В дверном замке заскрежетал ключ, дверь отварилась, и на пороге появился Жан. Эрен запрокинул голову и, чуть улыбнувшись, сел на кровати. Выглядел Кирштейн не лучшим образом, а отбрасываемые из-за кристаллической лампы тени, делали его лицо ещё более уставшим и болезненным. И что-то Эрену подсказывало, что причина мук Жана крылась вовсе не в возможной казни Йегера, и пластырь на носу капитана только сильнее подтверждал это предположение.
— Привет, Жан, — непринуждённо поздоровался Эрен. — Фигово выглядишь.
Жан покривился и сел рядом с Эреном.
— Зато ты уж больно хорошо.
Кирштейн схватился за голову и упёрся локтями в бёдра.
— А что, есть повод рвать на себе волосы? — хохотнул Эрен.
Жан выпрямился и в упор посмотрел на него. И в серьёзном лице Кирштейна Йегер не увидел ничего, кроме осуждения. Жан не ненавидел его, хотя на то было куча оснований, Жан не злился, хоть Эрен и видел причину его разбитого носа в себе, Жан не жалел его, хоть они и прошли всю войну плечом к плечу как боевые товарищи. Жан только осуждал.
— Ну, что ты так смотришь на меня? — с вызовом спросил Эрен. — Неужели ты считаешь, что я убил того человека? Ты действительно думаешь так после того, как мы вместе спасали этих людей от титанов?
Жан пару секунд молчал, а потом спокойно ответил:
— Эрен, позволь мне задать тебе только один вопрос: для чего ты всё это делаешь? Ты действительно беспокоишься за Армина или таким образом просто пытаешься оправдать себя?
Рука Йегера дрогнула — Эрен бы никогда не подумал, что Жан опустится до такого.
— Это уже два вопроса, — гнев заклокотал в груди бывшего разведчика, прямо как несколько лет назад при виде титанов. — Можешь обвинять меня в чём угодно, но не приплетай сюда Армина.
И вот осуждение в карих глазах напротив сменилось разочарованием.
— Что ж, Эрен, я услышал твой ответ.
— Вольно, — прозвучал властный голос, и в камере появился человек в штатском.
Жан тут же встал с места и отдал честь. Начальника тюрьмы Грегори Фокса Эрен знал лично, хоть и не был особо близок. В общем-то, познакомились они при строительстве тюрьмы, которая и предназначалась по большей части для перевёртышей, тех, кто обладал силой титана. Тюрьма, обнесённая по периметру пятиметровой стеной, была небольшой, но имела два подземных уровня — на втором, как предполагалось, и должна была провести всю оставшуюся жизнь Энни.
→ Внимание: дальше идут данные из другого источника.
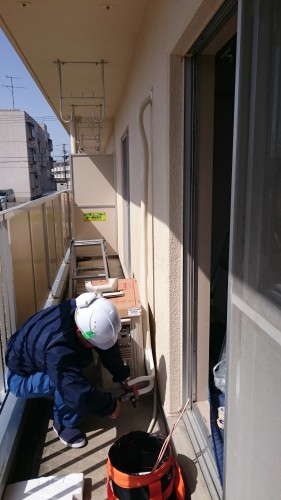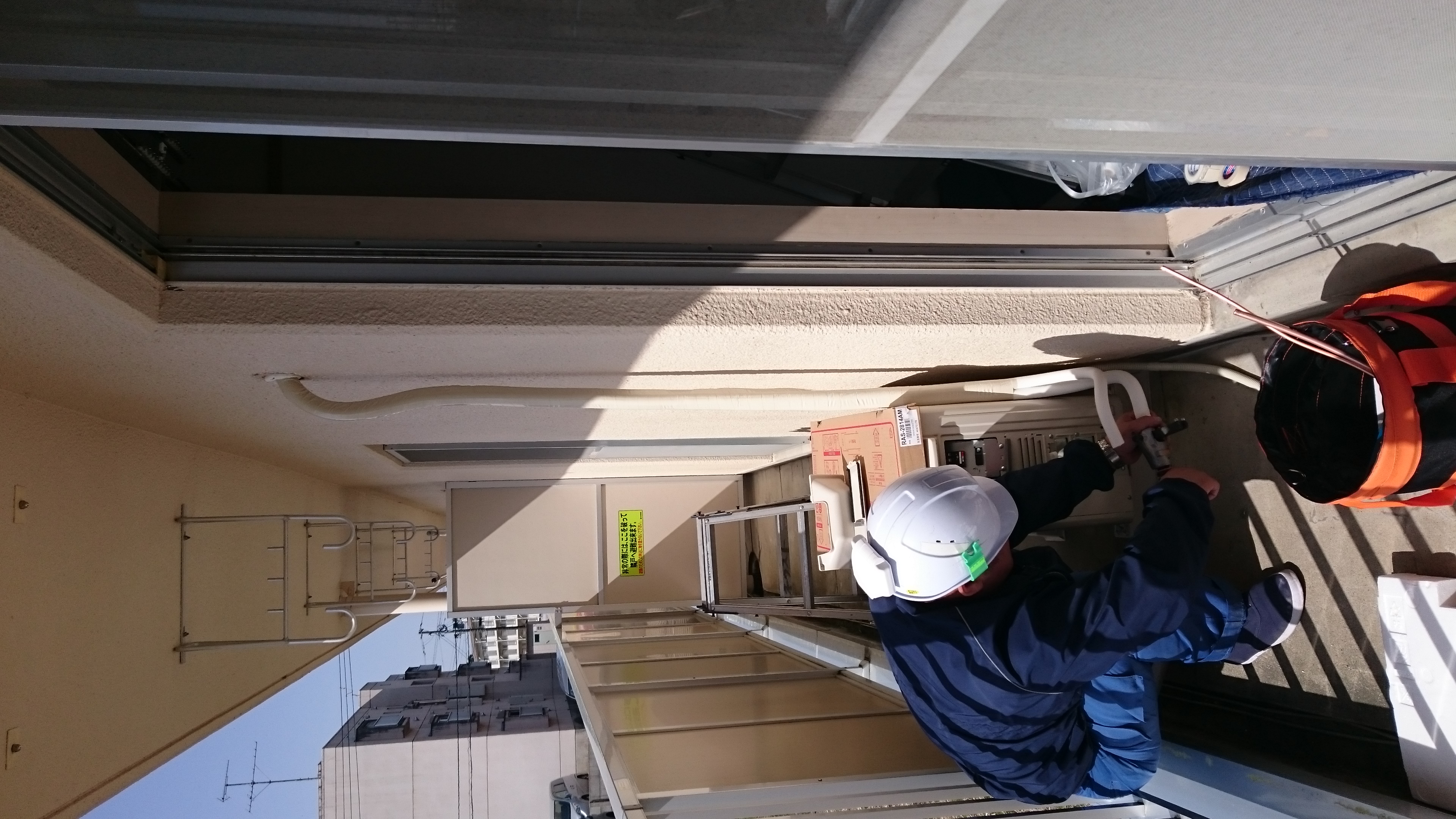 今日は、朝から晴天 午前中に 官舎に引っ越しのお客様宅の 新設で、エアコン取り付け作業を行う。

Фокс был бывшим Военным Полицейским, и потому Эрен подсознательно не доверял ему, но его добрая улыбка и тёплый взгляд почти чёрных глаз позволили Йегеру перейти из оборонительной позиции в доверительную. Эрен понимал, что уж если кто и сможет найти правильный выход из сложившейся нелёгкой ситуации, то только Фокс. Йегер кинул быстрый взгляд на капитана — Жан мог бы помочь, если бы дело касалось выживания всего человечества и не имело для него личный характер, но, увы, сейчас всё было настроено против Эрена.
— Рад видеть вас в добром здравии, Эрен, — льстиво улыбнулся Фокс и обратился к Кирштейну: — Вы свободны, капитан, можете идти.
Удивлённый Жан с секунду стоял недвижимо и, чуть подавшись вперёд, неуверенно возразил:
— Но ведь вы поручили его дело мне?
— Да, но сейчас вашего участия не требуется, вы свободны, капитан, — настойчивее повторил Грегори.
Жан нахмурил брови и вышел из камеры, протиснувшись между стеной и ещё одним человеком в штатском, которого Эрен не заметил сразу, и от Йегера не ускользнуло то, с каким недоверием и непониманием Кирштейн посмотрел на своего начальника.
***
Жан ходил по бесконечным коридорам второго подземного уровня, освещённых ярким светом кристаллических ламп. Он просто хотел успокоиться, побыть одному и разложить свои мысли по полочкам. Понимание происходящего уже давно покинуло его, да и разбираться в чужой логике сейчас хотелось меньше всего. Жан прошёл ряды решёток, завернул за угол и собирался уже подняться по каменной лестнице, чтобы выйти наружу, когда из тёмной темницы по правую руку послышался тихий плач. Жан замер и вслушался, подумав, что, возможно, ему померещилось или то был писк мышей, но всхлип, другой, и уже стало определённо ясно — за решёткой плакал человек.
— Эй, кто здесь? — громко позвал Кирштейн и приблизился к решётке.